[WORK TO COMPLETE]
Could you retype, exactly and with no pictures, only the lines from the first line of the records below through the line that contains "Frente para canil"?

Stored records
^^^^^^^^

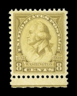 1514 nhu 713 image#713, 8c Washington Bicentennial, the "perfect" bottom sheet-margin mint single, featuring mathematically precise centering amid much larger margins than typically found, especially intense color and impression, pristine o.g., n.h., superb in all respects; a stamp for the collector assembling a set of Washington Bicentennial stamps in only the finest available quality; 2006 PSE certificate (Gem 100; SMQ $610.00); this is the sole example in the PSE population report to be awarded the exalted grade of Gem 100. (Image) $4.00
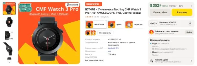 В качестве часов можно взять CMF Watch 3 Pro. Они предлагают круглый AMOLED-экран на 1,43 дюйма, базовый набор датчиков для мониторинга здоровья, отслеживание тренировок и двухдиапазонный GPS. Ещё с них можно отвечать на звонки. Изюминка модели — сменные безели. Без подзарядки они работают до 13 дней. Единственный спорный момент — влагозащита IP68, без заявленных 5 АТМ, поэтому плавать в них не рекомендуется.
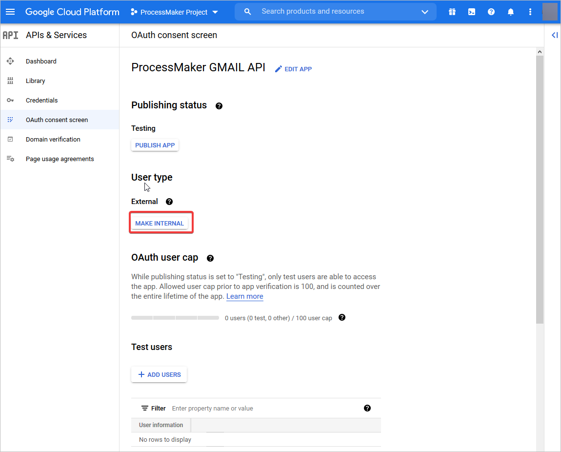 Click OAuth Consent Screen, and the click MAKE INTERNAL in the User type section.
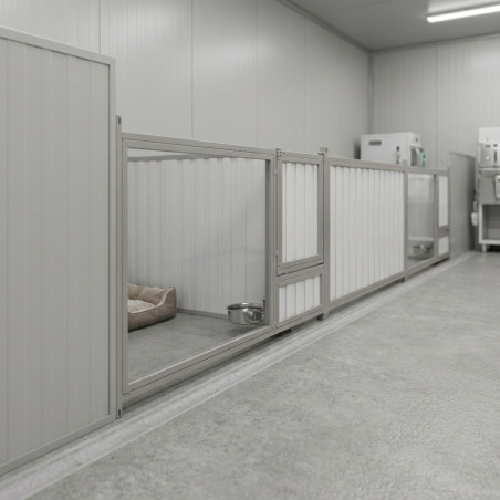 Frente para canil (200x100 cm) com porta, fabricada em painel sanduíche de 30 mm para máximo isolamento térmico e alta higiene. Ideal para garantir um espaço seguro e confortável.
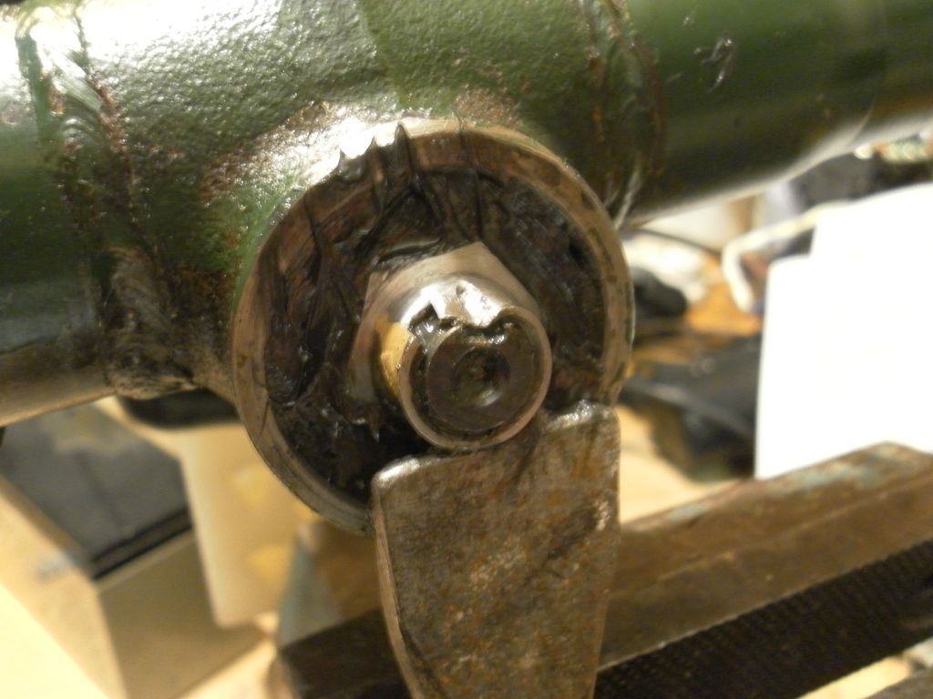 Die Bundmutter am Ende des Ritzels wird durch Verstemmen deren Kragen in eine Kerbe gesichert. Beim Zerlegen, wird der Kragen an dieser Stelle so beschädigt, dass ein zweites Sichern nicht möglich ist. Leider hatte ich keine neue Mutter. Ich habe eine dünne Unterlegscheibe zwischen Mutter und Kugellagerinnenring gelegt. Da der Gewindegang 1,2 mm beträgt, verschiebt sich mit einer 0,2 mm Unterlegscheibe die Position der Mutter um 1/6 Umdrehung.
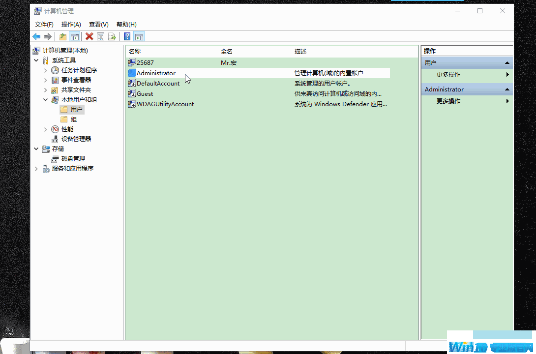 右键"计算机"或"我的电脑"-》选择"管理"-》"本地用户和组"-》"用户"-》"Administrator"
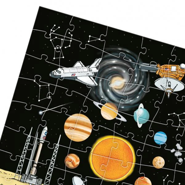 Složte si puzzle a vydejte se do vesmíru. Seznamte se nejen s jednotlivými planetami sluneční soustavy a vybranými souhvězdími, ale například i s technickými vymoženostmi, které člověku umožňují prozkoumávat vesmír. Dozvíte se, kdo byl jako první na Měsíci, co je to černá díra a mnoho dalších zajímavostí. Své znalosti si můžete vyzkoušet pomocí zábavných kvízů, které jsou rozděleny do tří různých kategorií.

^^^^^^^^

[SOLUTION TO THE PROBLEM]
 1514 nhu 713 image#713, 8c Washington Bicentennial, the "perfect" bottom sheet-margin mint single, featuring mathematically precise centering amid much larger margins than typically found, especially intense color and impression, pristine o.g., n.h., superb in all respects; a stamp for the collector assembling a set of Washington Bicentennial stamps in only the finest available quality; 2006 PSE certificate (Gem 100; SMQ $610.00); this is the sole example in the PSE population report to be awarded the exalted grade of Gem 100. (Image) $4.00
 В качестве часов можно взять CMF Watch 3 Pro. Они предлагают круглый AMOLED-экран на 1,43 дюйма, базовый набор датчиков для мониторинга здоровья, отслеживание тренировок и двухдиапазонный GPS. Ещё с них можно отвечать на звонки. Изюминка модели — сменные безели. Без подзарядки они работают до 13 дней. Единственный спорный момент — влагозащита IP68, без заявленных 5 АТМ, поэтому плавать в них не рекомендуется.
 Click OAuth Consent Screen, and the click MAKE INTERNAL in the User type section.
 Frente para canil (200x100 cm) com porta, fabricada em painel sanduíche de 30 mm para máximo isolamento térmico e alta higiene. Ideal para garantir um espaço seguro e confortável.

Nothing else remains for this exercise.